9.3.09

VOU, MATO E VOLTO (Vado... L'ammazzo e Torno, 1967), de Enzo G. Castellari

Os títulos mais engraçados e inusitados da história do cinema pertencem ao faroeste italiano. VOU, MATO E VOLTO é um dos mais inspirados, uma pena que o filme não seja tanto, embora não deixe de ser um bom exemplar do gênero e vale como curiosidade, já que se trata de um dos primeiros filmes com a assinatura do diretor Enzo G. Castellari.

O inicio é excelente e abre com três sujeitos mal encarados adentrando uma pequena cidade – enquanto a população olha desconfiada através das janelas e cortinas. Do outro lado da cidade uma carroça carrega três caixões que segue na direção dos meliantes. Quando se encontram, um dos bandidos indaga sobre quem estariam naqueles caixões; um outro sujeito que vinha logo atrás da carroça responde justamente o nome dos vagabundos à sua frente e aí já tarde demais: o forasteiro é mais rápido e os três acabam comendo capim pela raiz.

Pena que o restante do filme não consegue manter a mesma intensidade da abertura, mas vale a pena continuar acompanhar a trama que prossegue agora num trem carregando 300 mil dólares em ouro. Monetero e sua gangue roubam o carregamento, mas um dos seus comparsas o trai e coloca o valioso metal num esconderijo e pouco tempo depois é assassinado antes de revelar o segredo. O único objeto que pode conduzir ao ouro é um medalhão.

A partir daqui, VOU, MATO E VOLTO se estabelece com certas semelhansas, ainda que superficiais, a TRÊS HOMENS EM CONFLITO, de Sergio Leone. Ora, temos três personagens, rivais entre si, em busca da fortuna. George Hilton é um caçador de recompensas, o mesmo que apaga os três do inicio, temos também Gilbert Roland vivendo o perigoso bandido Monetero e Edd Byrnes como um empregado do banco cuja responsabilidade era manter o dinheiro seguro durante a viagem no trem.

O medalhão acaba sendo cortado ao meio e ambas as partes são necessárias para encontrar o local secreto. Durante essa “jornada” muita coisa acontece e por conta de um roteiro muito mal escrito o filme acaba decaindo. O principal problema é o excesso de reviravoltas envolvendo traições sem sentido entre o trio principal. É tanta picaretagem que nem o espectador consegue definir pra quem torcer nesta busca pelo ouro. E ainda em certos momentos, o filme vira um verdadeiro pastelão, com um dos personagens dando piruetas no ar com canções de circo ao fundo.

Mas vamos falar das qualidades do filme também: o elenco até que é muito bom, principalmente o uruguaio George Hilton, que está muito carismático como o caçador de recompensas misterioso e é de longe o melhor do filme. Roland e Byrns também não deixam a desejar, principalmente o primeiro que possui um rosto bem expressivo, perfeito para o papel de vilão. A trilha sonora de Francesco De Masi não chega aos pés de um Morricone, mas é boa também, com exceção das musiquinhas de circo que aparecem nas cenas de pastelão totalmente desnecessárias.

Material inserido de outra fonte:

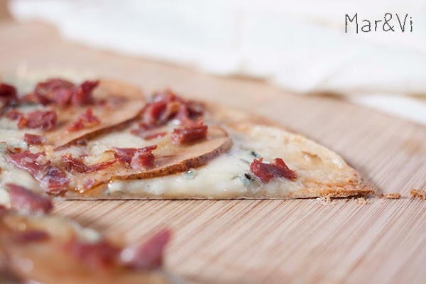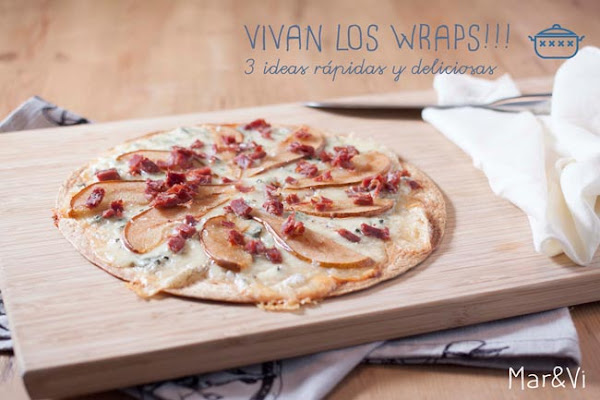 Ponemos un wraps sobre una bandeja de horno y colocamos encima: queso gorgonzola en tiras, queso emmental rayado, rodajas de pera (cortaremos las peras a lo largo con cáscara y bien lavadas, en rodajas lo más finas posibles) y daditos pequeños de jamón. Metemos nuestra pizza en el horno durante 5-7 minutos (hasta que el queso este bien derretido) retiramos y condimentamos con un poco de pimienta y sal Maldon antes de servir. ¡Exquisitas!
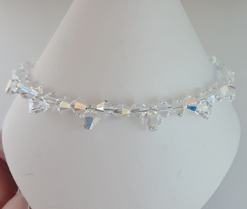 Classy*Crystals Bracelet made with Swarovski® Branded Crystals Sparkly Crystal AB Bracelet with feature Aurora Drops Approx 18cm's + Extension Chain OR Custom made shorter or longer up to approx 21cms Made with very hard to find Swarovski Beads & Pendant Drops - 5mm & 6mm Solid .925 Sterling Silver Lobster Clasp & findings Also available in Anklet size Presented in an Organza Bag .
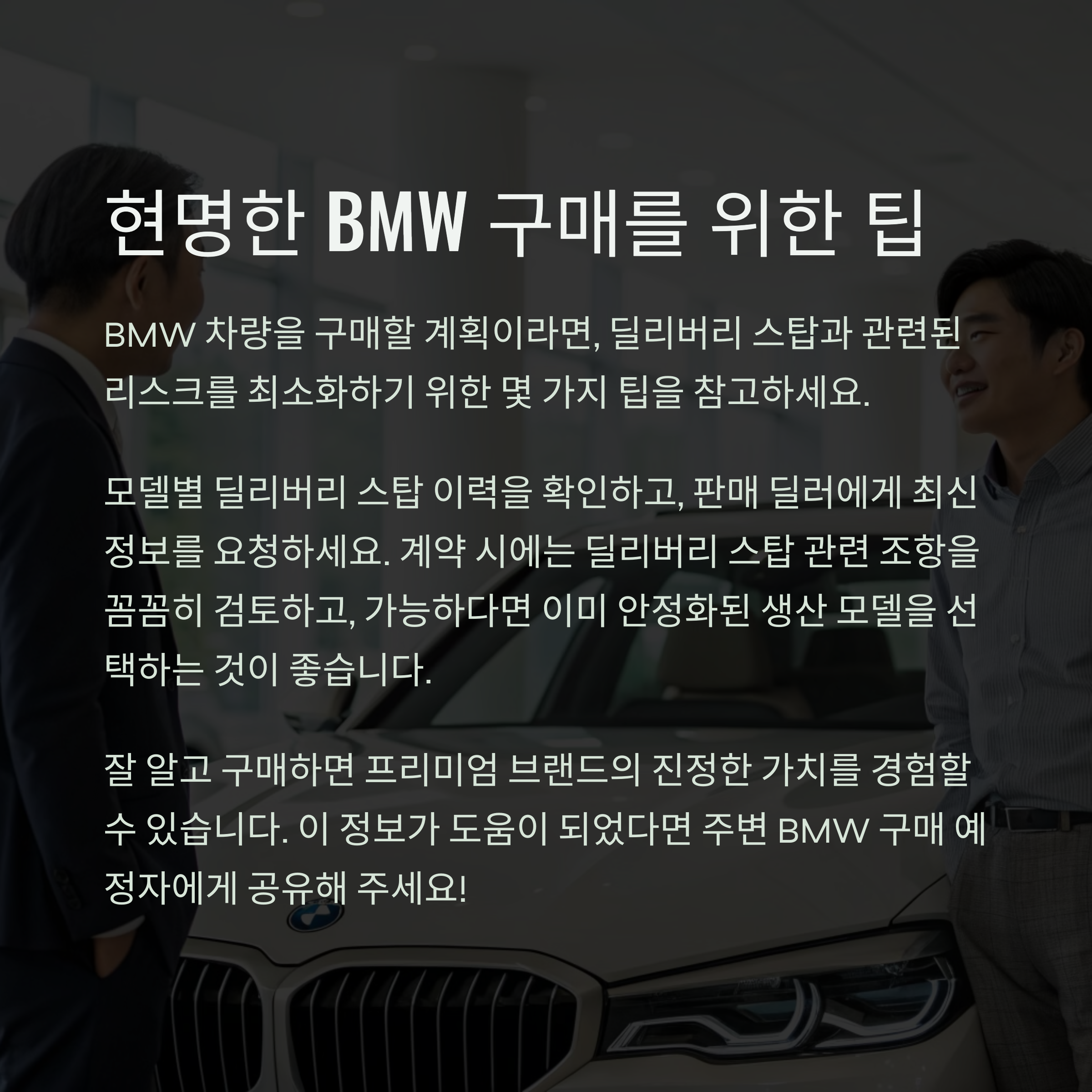 BMW 차량을 구매하고자 하는 소비자라면 다음과 같은 방법으로 딜리버리 스탑 리스크를 줄일 수 있습니다.
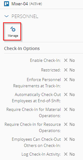 Navigating to the Business Data menu, select the Resource entity and open the Resource you want to configure. Navigate to the Personnel section in the Details view and select Manage located on top of the grid:
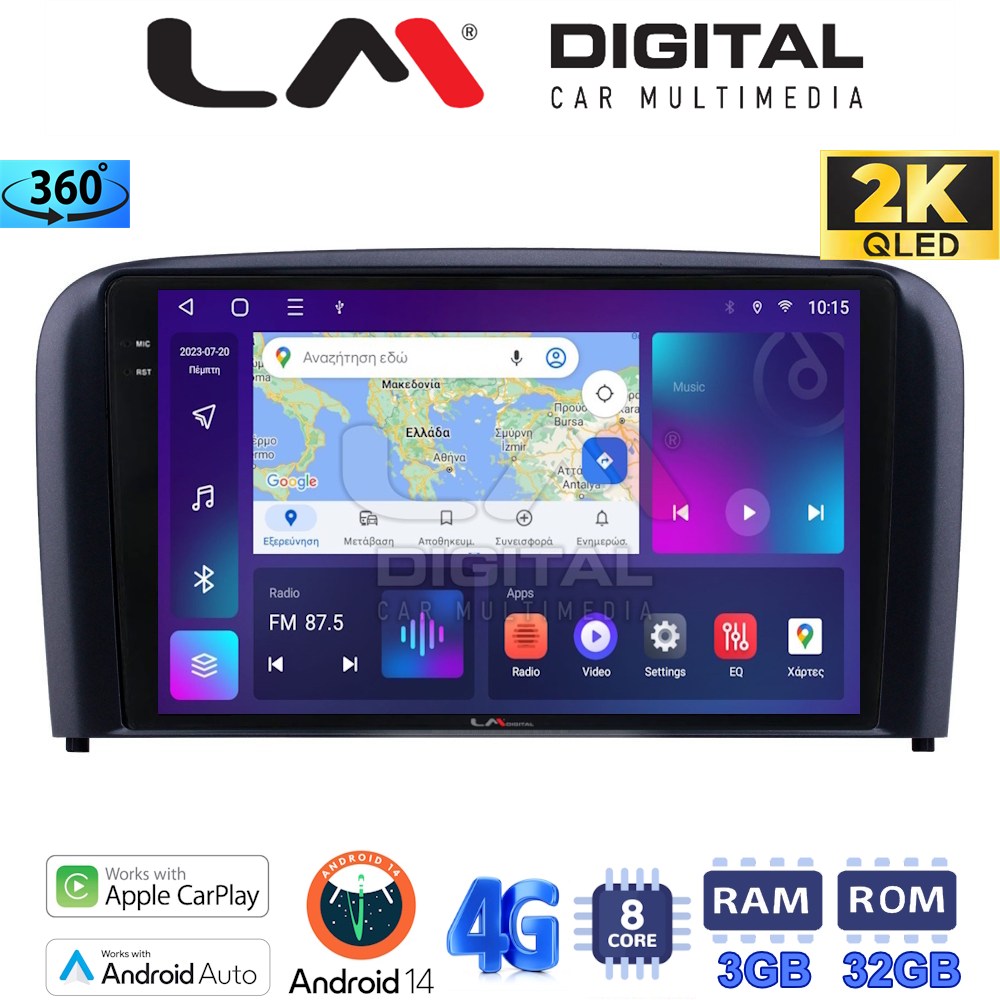 LM Digital – LM ZD8393 GPS Οθόνη OEM Multimedia Αυτοκινήτου για Volvo S80 2004 > 2006 (CarPlay/AndroidAuto/BT/GPS/WIFI/GPRS)
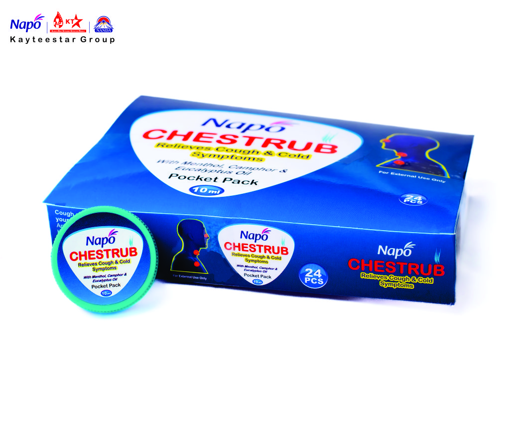 February 13, 2025 NAPO CHEST RUB 10 ML Product Code AP000055 Pack Size 1 x 24 Jar Dosage Consumer Goods Composition Menthol-4% , Camphor-6% , Eucalyptus Oil-6% , Base-q.s. SKU: AP000055 Category: Consumer Goods Related products 25 PULL PACK ICEBERG WET WIPES Read more NAPO CASTOR OIL BP Read more SCEPTRE ORGANICS BABY WIPES Read more ENO FRUIT SALT (SACHETS) Read more
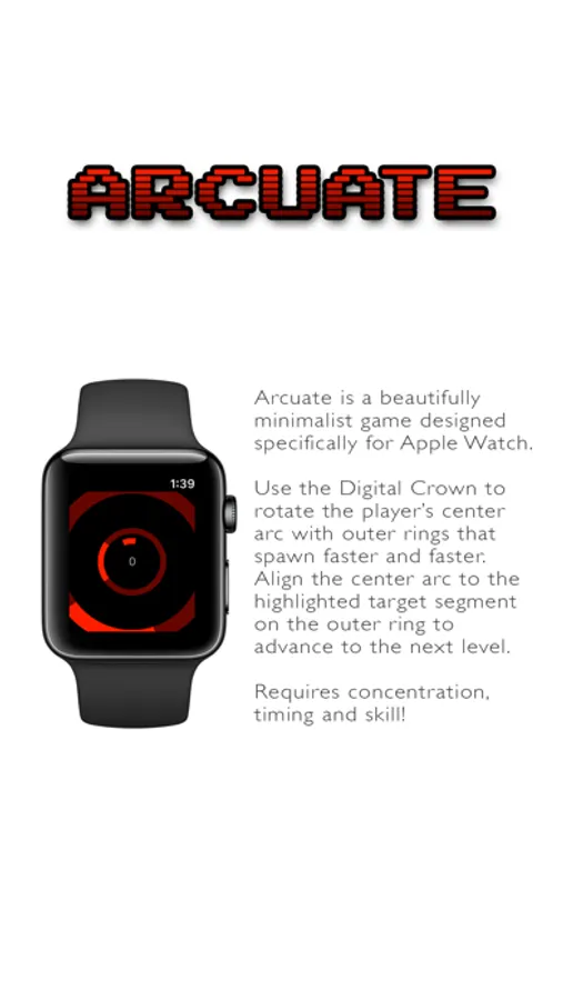 Arcuate is a beautifully minimalist game designed specifically for Apple Watch, iPhone and iPad.

Castellari ainda não havia desenvolvido seu estilo de dirigir seqüências de ação em câmera lenta vista em vários filmes ao longo de sua carreira como ASSALTO AO TREM BLINDADO, THE BRONX WARRIORS, KEOMA, etc. Mesmo assim, as cenas de tiroteio e de luta ajudam pra quebrar o marasmo das cenas irregulares do filme, filmadas bem ao estilo padrão do Western Spaghetti que Castellari aprendeu em seus estágios como diretor de segunda unidade em filmes de baixo orçamento no início dos anos 60.

20 comentários:

  1. É um spaguetti bem assistivel, pelo menos.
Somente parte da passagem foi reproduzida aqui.